Core Components of a CNN

1. Convolutional Layers

The convolutional layer is the core building block of a CNN. It applies a set of learnable filters to the input.

python
import torch
import torch.nn as nn

# Define a simple convolutional layer
conv_layer = nn.Conv2d(
in_channels=3, # RGB input
out_channels=16, # Number of filters
kernel_size=3, # 3x3 filter
stride=1, # Step size
padding=1 # Border padding
)

# Apply it to a random image tensor (batch_size, channels, height, width)
sample_image = torch.randn(1, 3, 28, 28)
output = conv_layer(sample_image)

print(f"Input shape: {sample_image.shape}")
print(f"Output shape: {output.shape}")

Output:

Input shape: torch.Size([1, 3, 28, 28])
Output shape: torch.Size([1, 16, 28, 28])

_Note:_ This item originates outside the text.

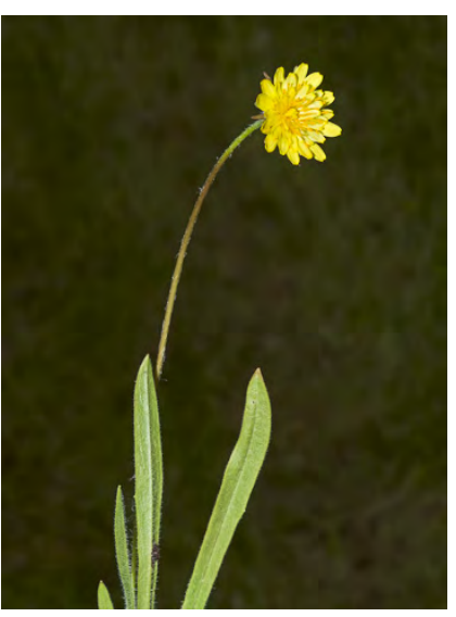
ANNUAL NATIVE DANDELION (Agoseris heterophylla var. cryptopleura) Native Annual - Sunflower Family - (May–Jun) - Many open habitats - Leaf lobes gen 3-5 pair. Flower stem > 2x leaf length. Ray flowers 0.4-0.6" long, much exceeding bracts.

Notice how the convolutional layer preserved the spatial dimensions (28x28) while changing the number of channels from 3 to 16.

2. Activation Functions

After convolution, we typically apply a non-linear activation function. ReLU (Rectified Linear Unit) is the most common choice for CNNs.

python
relu = nn.ReLU()
activated_output = relu(output)

3. Pooling Layers

Pooling layers reduce the spatial dimensions of the data, helping with:

  • Computational efficiency
  • Controlling overfitting
  • Providing translation invariance
python
# Max pooling layer
max_pool = nn.MaxPool2d(kernel_size=2, stride=2)
pooled_output = max_pool(activated_output)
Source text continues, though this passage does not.